Le débat sur le lien entre troubles psychiatriques et passage à l’acte criminel ou violent revient régulièrement dans l’espace public, souvent à la suite de faits divers choquants. Ces événements suscitent des réactions émotionnelles fortes et poussent à chercher des explications rapides et rassurantes. Dans ce contexte, les troubles psychiatriques sont souvent désignés comme des causes directes du passage à l’acte, suggérant une corrélation évidente entre maladie mentale et dangerosité. Mais cette association est-elle réellement fondée ? Repose-t-elle sur une véritable corrélation ou s’agit-il davantage d’une coïncidence interprétée de manière erronée ou simplificatrice ?
Il est crucial de distinguer l’impression intuitive du raisonnement fondé sur les faits. Nombre d’études montrent que, dans la grande majorité des cas, les personnes souffrant de troubles psychiatriques ne présentent pas un comportement violent. Certaines pathologies peuvent être associées à une augmentation modérée du risque de passage à l’acte, notamment lorsqu’elles sont non traitées, ou lorsqu’elles coexistent avec d’autres facteurs aggravants comme la consommation de drogues, un environnement familial violent, un isolement social profond ou une précarité extrême. Cependant, ces cas particuliers ne doivent pas être érigés en norme.

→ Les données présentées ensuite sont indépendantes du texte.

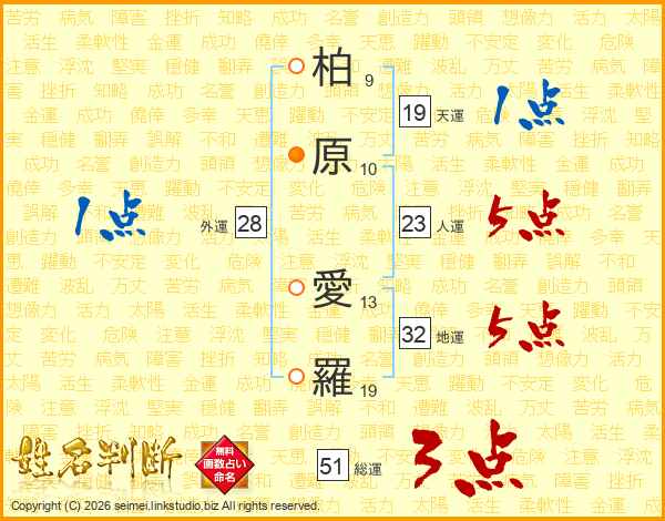 柏原愛羅さんの総運は51画の3点!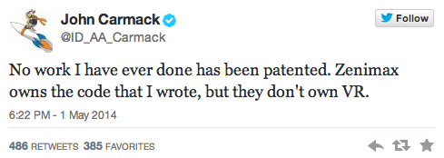 “It was only through the concerted efforts of Mr. Carmack, using technology developed over many years at, and owned by, ZeniMax, that [Oculus founder Palmer] Luckey was able to transform his garage-based pipe dream into a working reality.”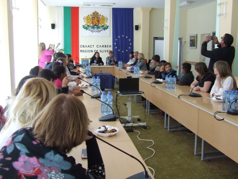 Децата и техните ръководители посетиха областната администрация заедно с директора на ОУ „Братя Миладинови“ Митко Митев и преподаватели от училището. Зам.областният управител Димитринка Петкова се срещна и разговаря с тях, запозна ги с културните и исторически забележителности на Сливен. Петкова ги поздрави от името на областния управител Чавдар Божурски и екипа му и им подари сувенири от Художествената галерия „Димитър Добрович“.

En réalité, les troubles psychiatriques ne sont pas une cause directe de violence, mais parfois un élément parmi d’autres dans un enchevêtrement de facteurs complexes. Ce que l’on observe, c’est que certaines personnes atteintes de troubles graves peuvent, dans des situations de grande détresse psychique, avoir des comportements désorganisés ou inadaptés. Néanmoins, cela ne signifie pas nécessairement violence envers autrui. Le passage à l’acte est souvent déclenché par une accumulation de tensions, d’échecs dans le parcours de soins, ou par l’absence d’un encadrement médical et social suffisant.
Ce que les recherches tendent à démontrer, c’est que la société projette beaucoup de peurs irrationnelles sur la maladie mentale, souvent alimentées par les représentations culturelles. Les films, les séries, les médias d’information jouent un rôle central dans la construction d’un imaginaire où les personnes atteintes de troubles psychiatriques sont perçues comme imprévisibles, voire dangereuses. Cette représentation biaisée finit par produire une peur injustifiée, qui alimente à son tour la stigmatisation et l’isolement des personnes concernées.
Il faut aussi rappeler que les malades psychiatriques sont eux-mêmes souvent victimes de violences, bien plus qu’ils n’en sont les auteurs. Leur vulnérabilité les expose à des abus dans les espaces publics, familiaux ou institutionnels. Ce paradoxe est rarement évoqué dans les récits médiatiques, ce qui renforce une perception erronée du danger qu’ils représenteraient.
Ainsi, s’il existe parfois une corrélation entre certains troubles graves et un risque accru de passage à l’acte, cette relation ne doit pas être interprétée comme une causalité directe ou systématique. Elle est conditionnée par des éléments extérieurs, souvent évitables, et elle ne saurait justifier une généralisation. D’un point de vue statistique, la majorité des personnes atteintes de troubles mentaux n’ont aucun comportement violent. Et inversement, une immense proportion des actes de violence sont commis par des personnes ne présentant aucun trouble psychiatrique diagnostiqué.
Plutôt que de renforcer la méfiance, il serait plus pertinent de réfléchir aux conditions dans lesquelles les soins sont dispensés, à l’accessibilité des structures de santé mentale, à la prévention des situations de crise et à l’accompagnement de qualité. Une société qui pathologise la violence détourne son regard des véritables causes structurelles : pauvreté, marginalisation, inégalités, traumas non traités, ou encore manque d’éducation à la santé mentale.
En fin de compte, la question « corrélation ou coïncidence ? » mérite d’être reformulée. Car le danger ne réside pas tant dans les troubles psychiatriques eux-mêmes, mais dans la manière dont la société les appréhende, les traite et y répond. Ce que nous choisissons de voir, d’amplifier ou d’ignorer détermine largement notre compréhension du phénomène et, par conséquent, notre capacité à construire des réponses justes, humaines et efficaces.